2 Materials and methods
In this section, we describe the key methodological components of this investigation, including patient recruitment criteria, ultrasound imaging acquisition and processing, AI model construction, and statistical evaluation metrics. The schematic workflow of this multi-center study is presented in Figure 1.
This study was conducted in accordance with the Checklist for Artificial Intelligence in Medical Imaging (CLAIM) checklist, a reporting guideline for AI in medical imaging. The completed checklist is provided as Supplementary material.
2.1 Patients
This retrospective study was approved by the Hohhot First Hospital and The Third Affiliated Hospital of Kunming Medical University. The requirement for the patients’ informed consent was waived. A total of 209 patients (BTN = 66, NMTN = 15, and MMTN = 128) were consecutively identified by referring to the pathology database from our institution during the period from January 2015 to March 2023. The inclusion criteria of patients were as follows: (1) either BTN, NMTN, or MMTN was pathologically confirmed, (2) patients who underwent preoperative US examination, and (3) images were clear without motion or artifacts and were conducive to analysis. The exclusion criteria for patients were as follows: (1) those who had received treatment related to the lesion before the US examination, including surgery, transcatheter arterial chemoembolization (TACE), radiofrequency ablation, chemotherapy, radiotherapy, or targeted drug therapy; (2) those with inflammatory lesions; (3) patients with missing important medical records or laboratory results of individuals with malignancies; and (4) unqualified image quality, such as annotated information or incomplete lesion area. Finally, 195 patients (BTN = 60, NMTN = 15, and MMTN = 120) were picked from the pathology database. These were randomly divided into a training set (BTN = 50, NMTN = 11, and MMTN = 100) and a testing set (BTN = 10, NMTN = 4, and MMTN = 20).
2.2 Ultrasound image acquisition and filtering
Ultrasound examinations were conducted between 2015 and 2023 by certified radiologists with over 5 years of experience in thyroid ultrasonography, using four commercially available systems: DC-8 (Mindray), Logic E9 (GE), HD15 (Philips), and IU22 (Philips). All devices were equipped with high-frequency linear array probes (6–14 MHz) to ensure basic imaging consistency, though technological advancements during this study period likely introduced variations in hardware performance and imaging algorithms across newer and older equipment models.

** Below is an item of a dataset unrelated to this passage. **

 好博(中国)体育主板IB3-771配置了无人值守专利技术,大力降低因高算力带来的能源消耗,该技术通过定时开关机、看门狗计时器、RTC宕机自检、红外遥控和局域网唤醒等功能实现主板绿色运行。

To mitigate potential confounding factors from device heterogeneity, standardized imaging protocols were implemented throughout the study period. These included uniform probe pressure application, optimal coupling agent usage, and consistent adjustment of image gain and focus position according to established thyroid imaging guidelines. For this study, two-dimensional ultrasound images were selected and cropped.
2.3 Ultrasound image preprocessing
We obtained two-dimensional ultrasound images of the thyroid nodules from the Picture Archiving and Communication Systems (PACS) and removed all patient-identifying information from the ultrasound images. Before utilizing these ultrasound images, we performed preprocessing to enhance their usability and efficiency. The data preprocessing workflow consisted of three main steps. First, contrast and brightness enhancement is performed to improve image visibility, ensuring that subtle lesion regions receive greater attention from the model. Second, normalization standardizes image data by scaling pixel values to a consistent range, which facilitates faster model convergence. Finally, data augmentation is used to address the significant class imbalance observed in the dataset, which could cause the AI model to favor classes with more samples. Techniques such as rotation, flipping, and adjustments in brightness and contrast are used to increase sample diversity and improve the model’s generalization ability.

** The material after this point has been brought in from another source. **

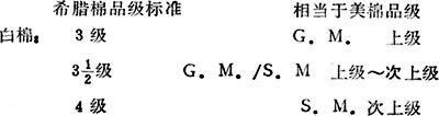 希腊棉花的白棉分5个全级和4个半级。另有淡点污棉4个级(4~7级)。希腊棉的品级标准亦与美国棉花品级标准有一定的对等关系:

The same preprocessing was applied to the testing set. Two-dimensional ultrasound images of thyroid nodules were embedded into the AI model for training and analysis, and the model’s prediction results were recorded. To optimize memory usage and training time, the image resolution was cropped to 224 × 224. This resolution, pretrained on ImageNet, aligns with the default input resolution of the network model.

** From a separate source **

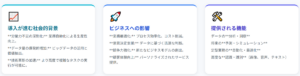 また、技術革新の加速も、AIソリューション導入を後押しする要因となっています。AI技術は、近年、急速な進歩を遂げており、より高度で複雑なタスクを実行できるようになっています。これにより、企業は、これまで不可能だったような革新的なビジネスモデルやサービスを開発し、競争優位性を確立することができます。

2.4 Methodology of AI diagnostic architecture
The detection process of thyroid ultrasound images, as illustrated in Figure 2, consists of three main components: an input module, a convolutional neural network (CNN) model, and a classifier. Preprocessed thyroid ultrasound images are first input into the CNN, which acts as a feature extractor to capture discriminative features from various types of images. To enhance the model’s adaptability to small-scale datasets, transfer learning was used by initializing the CNN with weights pretrained on large public datasets. The pretrained model was fine-tuned using a low learning rate strategy, with specific layers unfrozen to allow feature specialization for thyroid ultrasound characteristics. Finally, a multilayer perceptron (MLP) adopted from the transformer architecture serves as the classifier. By modeling global dependencies within the feature maps, the MLP compensates for the local receptive field limitation of CNNs, thereby improving overall classification performance.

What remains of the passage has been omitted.